▶ _Work required_:
Every line in the listing below from the one with "Include a pen" through the one with "Fürdő és WC" is to be reproduced exactly, both ends included; leave out the rest.
____ Data
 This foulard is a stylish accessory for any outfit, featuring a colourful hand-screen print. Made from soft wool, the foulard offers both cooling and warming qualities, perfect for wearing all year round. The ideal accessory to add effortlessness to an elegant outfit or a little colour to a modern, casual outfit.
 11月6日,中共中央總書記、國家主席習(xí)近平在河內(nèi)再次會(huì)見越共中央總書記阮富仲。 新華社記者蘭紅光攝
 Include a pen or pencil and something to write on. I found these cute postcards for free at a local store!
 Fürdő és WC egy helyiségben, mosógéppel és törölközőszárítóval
________
____ Data
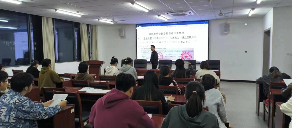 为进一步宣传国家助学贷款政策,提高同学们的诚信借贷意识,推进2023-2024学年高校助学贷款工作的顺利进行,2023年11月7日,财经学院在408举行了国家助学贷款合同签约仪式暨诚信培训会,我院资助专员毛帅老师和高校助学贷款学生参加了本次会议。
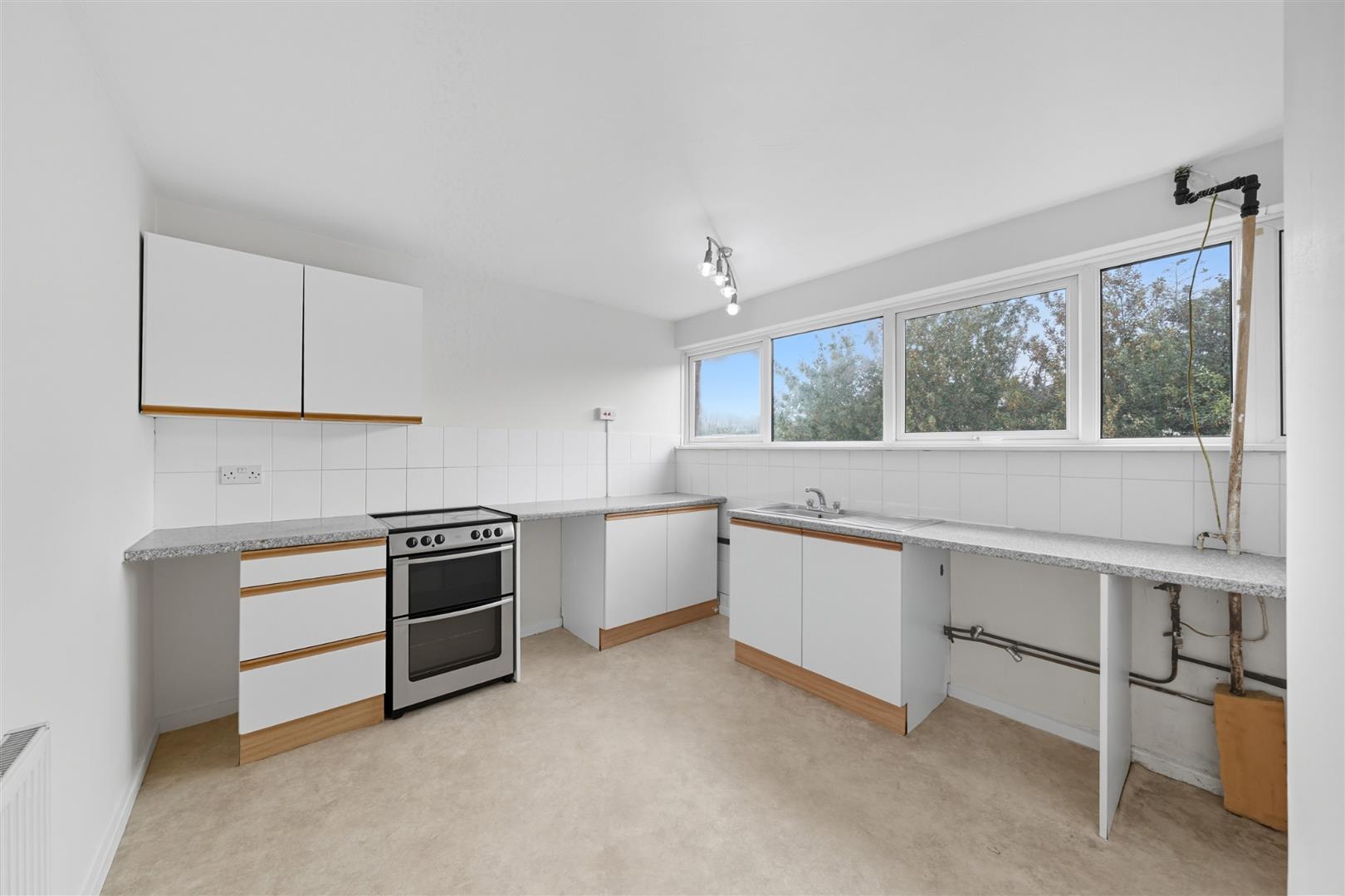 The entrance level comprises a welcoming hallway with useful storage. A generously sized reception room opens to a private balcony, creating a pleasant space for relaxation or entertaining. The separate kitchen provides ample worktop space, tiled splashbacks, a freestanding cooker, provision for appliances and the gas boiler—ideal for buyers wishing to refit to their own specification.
________
____ Data
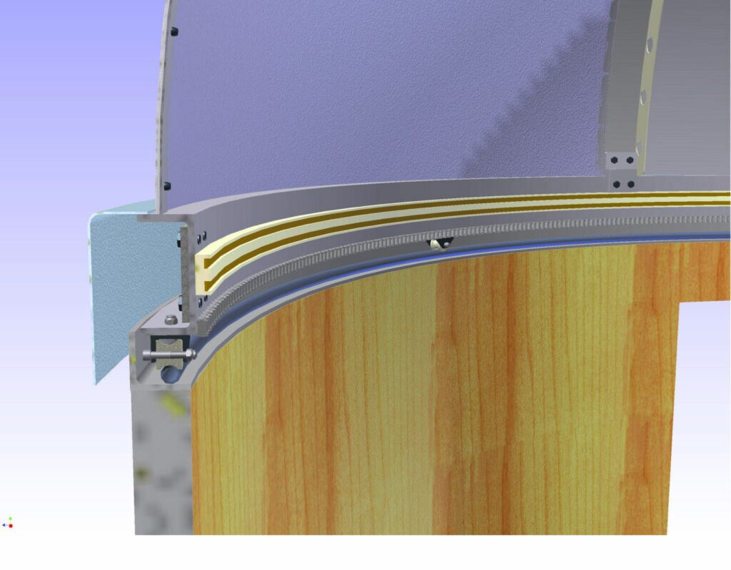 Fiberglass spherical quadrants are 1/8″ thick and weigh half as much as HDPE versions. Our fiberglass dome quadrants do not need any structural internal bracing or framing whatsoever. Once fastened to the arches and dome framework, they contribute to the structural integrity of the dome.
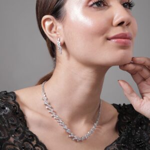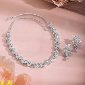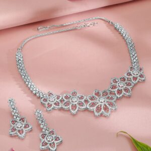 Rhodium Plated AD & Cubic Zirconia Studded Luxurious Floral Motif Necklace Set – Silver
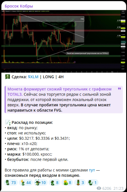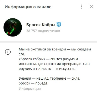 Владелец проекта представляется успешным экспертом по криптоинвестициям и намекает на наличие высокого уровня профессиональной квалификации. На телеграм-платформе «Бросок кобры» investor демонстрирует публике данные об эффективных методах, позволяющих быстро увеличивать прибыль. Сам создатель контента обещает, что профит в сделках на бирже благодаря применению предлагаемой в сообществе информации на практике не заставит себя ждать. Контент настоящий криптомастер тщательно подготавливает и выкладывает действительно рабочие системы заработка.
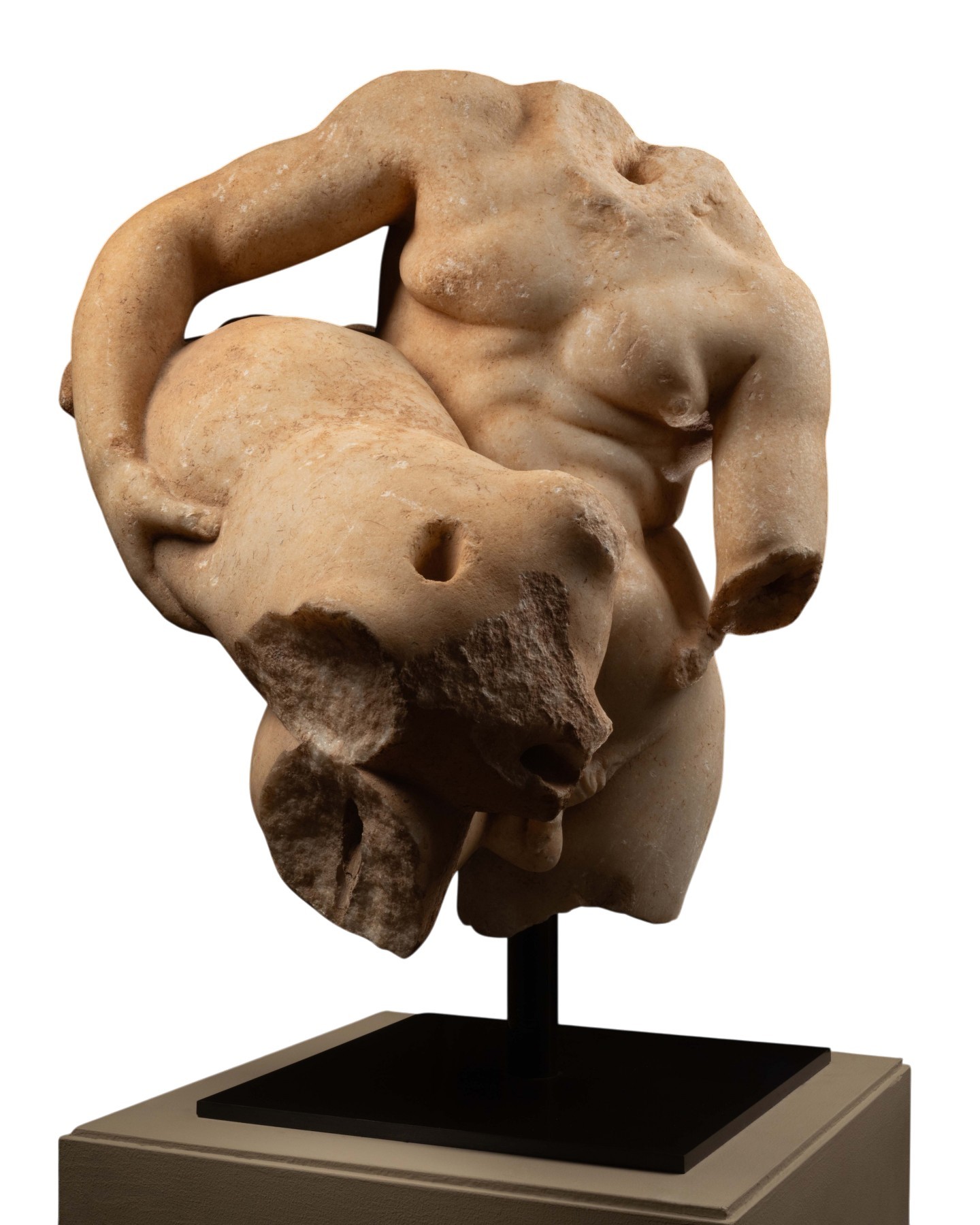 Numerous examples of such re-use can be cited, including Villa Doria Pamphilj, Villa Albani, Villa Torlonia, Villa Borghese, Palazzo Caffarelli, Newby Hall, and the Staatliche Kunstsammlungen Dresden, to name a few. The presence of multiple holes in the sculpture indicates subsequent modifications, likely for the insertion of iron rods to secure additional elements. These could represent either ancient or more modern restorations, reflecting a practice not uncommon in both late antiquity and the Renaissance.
________
▶ _Answer box_:
 Include a pen or pencil and something to write on. I found these cute postcards for free at a local store!
 Fürdő és WC egy helyiségben, mosógéppel és törölközőszárítóval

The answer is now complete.